-- RECORDS SUPPLIED follows --

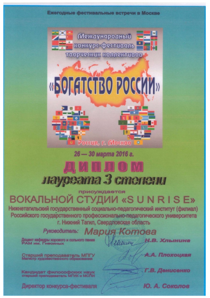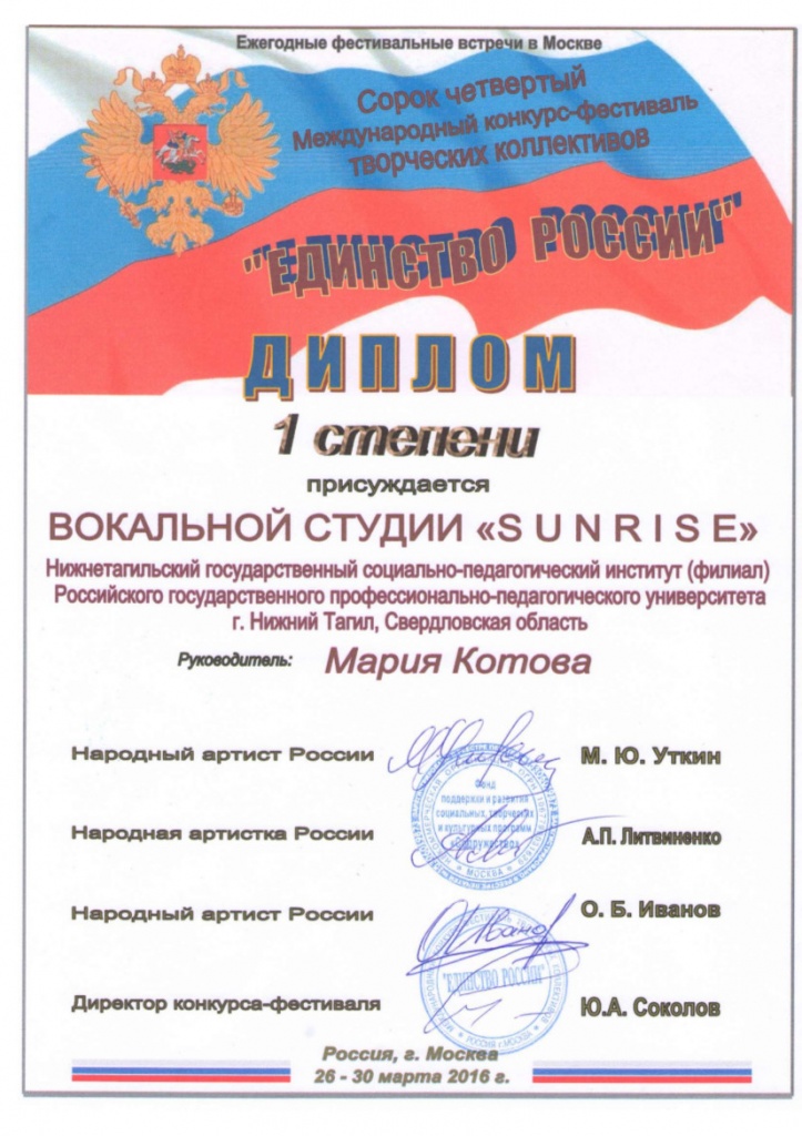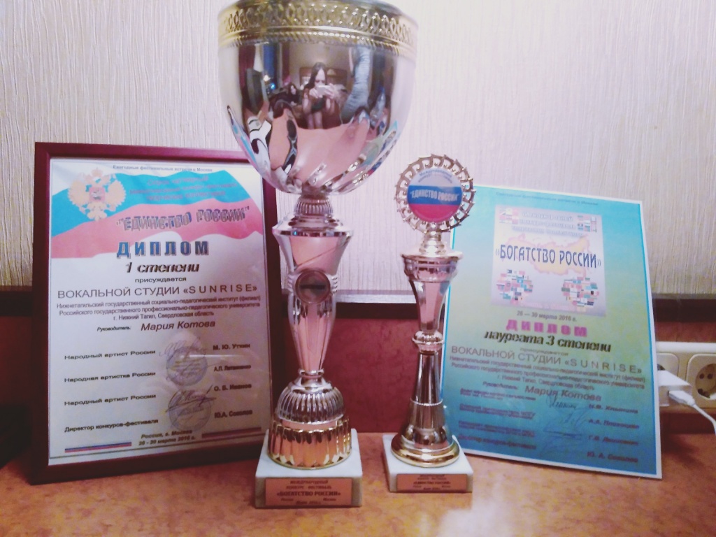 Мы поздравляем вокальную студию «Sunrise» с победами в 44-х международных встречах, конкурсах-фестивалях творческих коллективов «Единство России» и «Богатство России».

-- RECORDS SUPPLIED concluded --
-- RECORDS SUPPLIED follows --

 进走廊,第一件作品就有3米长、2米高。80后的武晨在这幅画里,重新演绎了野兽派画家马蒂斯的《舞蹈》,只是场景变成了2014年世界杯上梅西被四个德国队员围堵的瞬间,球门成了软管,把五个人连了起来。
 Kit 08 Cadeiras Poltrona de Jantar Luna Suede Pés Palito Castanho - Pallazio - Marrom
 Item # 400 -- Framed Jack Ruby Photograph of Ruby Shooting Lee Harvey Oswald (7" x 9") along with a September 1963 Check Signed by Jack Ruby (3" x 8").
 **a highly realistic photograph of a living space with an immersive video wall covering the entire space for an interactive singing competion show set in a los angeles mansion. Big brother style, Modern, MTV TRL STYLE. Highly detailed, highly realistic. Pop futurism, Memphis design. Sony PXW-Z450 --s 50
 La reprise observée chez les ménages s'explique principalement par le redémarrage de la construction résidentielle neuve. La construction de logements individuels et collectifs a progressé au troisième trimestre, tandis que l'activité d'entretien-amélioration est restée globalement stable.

-- RECORDS SUPPLIED concluded --

When you reach the line containing "Kit 08 Cadeiras" in the data above, start copying exactly, and stop after the line containing "PXW-Z450 --s 50".

• [TASK OUTPUT]
 Kit 08 Cadeiras Poltrona de Jantar Luna Suede Pés Palito Castanho - Pallazio - Marrom
 Item # 400 -- Framed Jack Ruby Photograph of Ruby Shooting Lee Harvey Oswald (7" x 9") along with a September 1963 Check Signed by Jack Ruby (3" x 8").
 **a highly realistic photograph of a living space with an immersive video wall covering the entire space for an interactive singing competion show set in a los angeles mansion. Big brother style, Modern, MTV TRL STYLE. Highly detailed, highly realistic. Pop futurism, Memphis design. Sony PXW-Z450 --s 50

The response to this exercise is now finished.